### TASK GOAL
Keep the lines exact and the pictures out as you repeat the following listing.

### DATA BELOW
»»
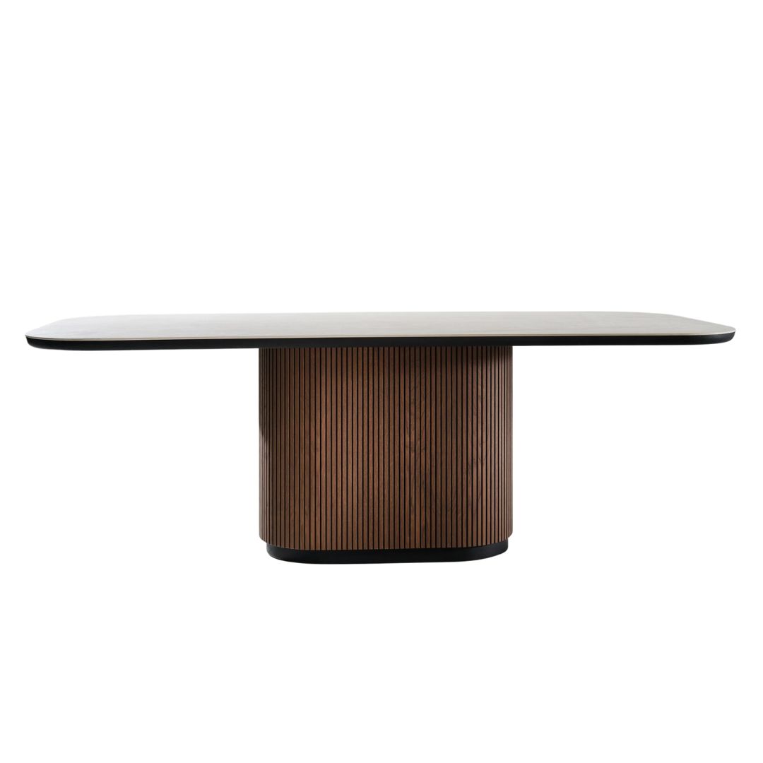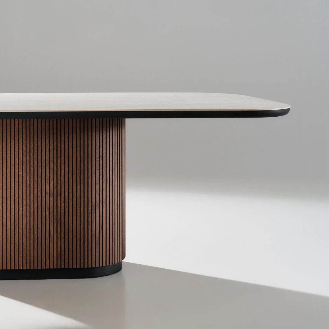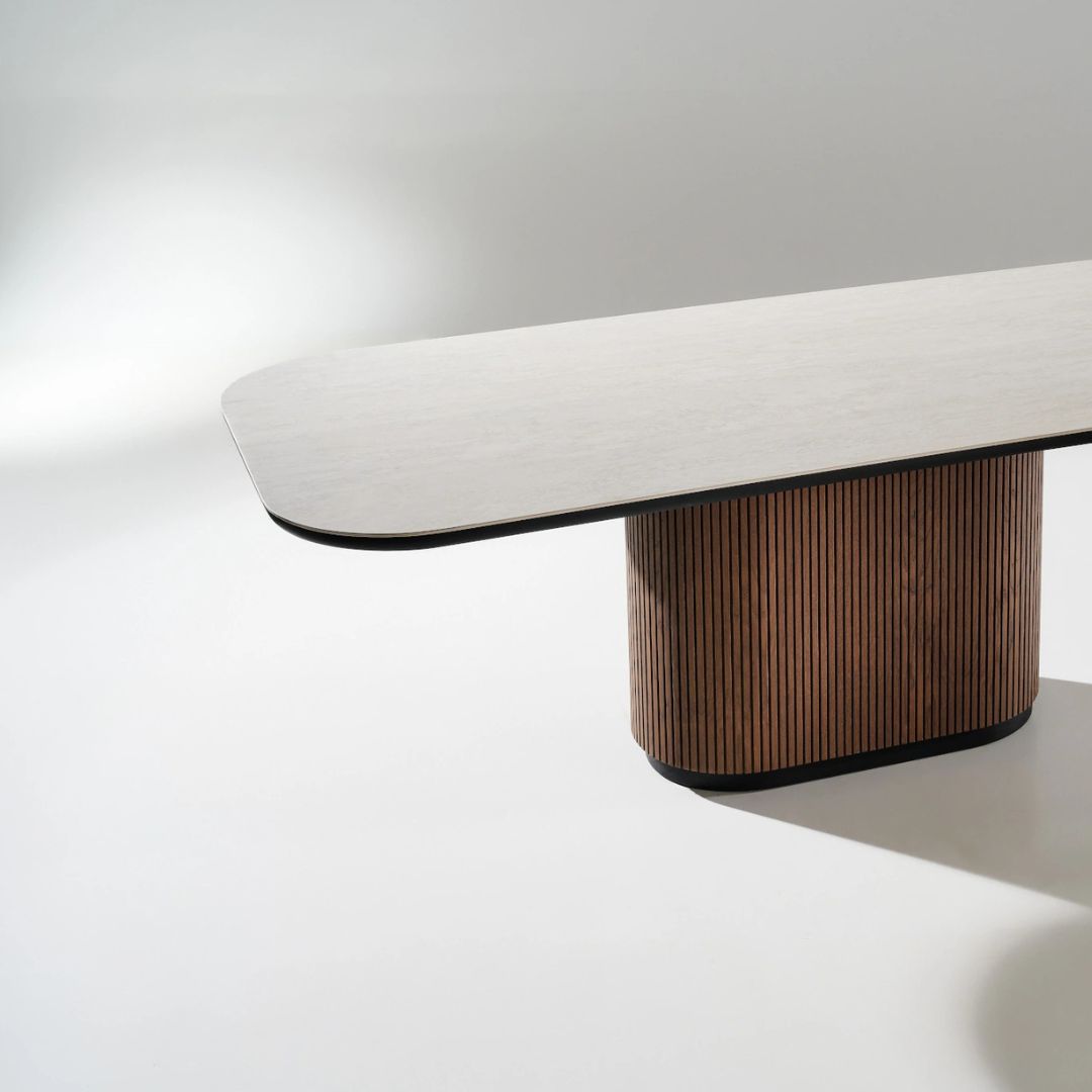 Η τραπεζαρία Noir με επιφάνειά από κεραμικό Travertino αποπνέει φυσική πολυτέλεια και ανθεκτικότητα ενώ η βάση του τραπεζιού ξεχωρίζει για την καμπυλωτή της γραμμή και την επένδυση με κάθετα πηχάκια σε ζεστή καρυδιά.
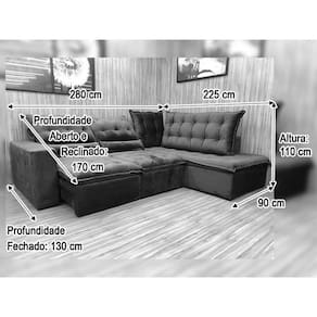 Encosto:Encosto é reclinável com Chaise fixo, e espuma 100% fibra de silicone, trazendo mais conforto para você na hora do descanso.
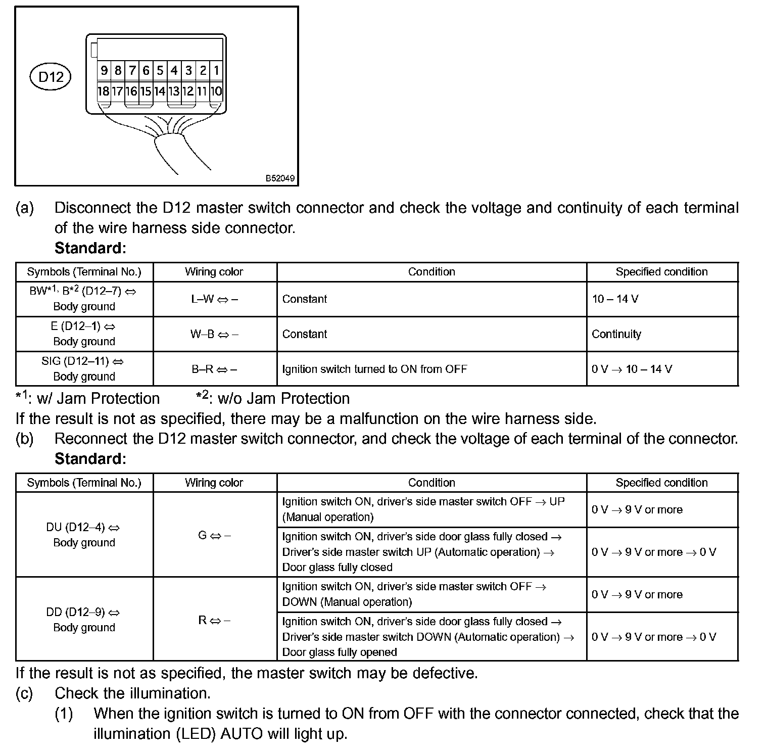 Terminals of Control Module/Pinouts - Check Power Window Regulator Master Switch Assy:
««
### WORKED SOLUTION
 Η τραπεζαρία Noir με επιφάνειά από κεραμικό Travertino αποπνέει φυσική πολυτέλεια και ανθεκτικότητα ενώ η βάση του τραπεζιού ξεχωρίζει για την καμπυλωτή της γραμμή και την επένδυση με κάθετα πηχάκια σε ζεστή καρυδιά.
 Encosto:Encosto é reclinável com Chaise fixo, e espuma 100% fibra de silicone, trazendo mais conforto para você na hora do descanso.
 Terminals of Control Module/Pinouts - Check Power Window Regulator Master Switch Assy:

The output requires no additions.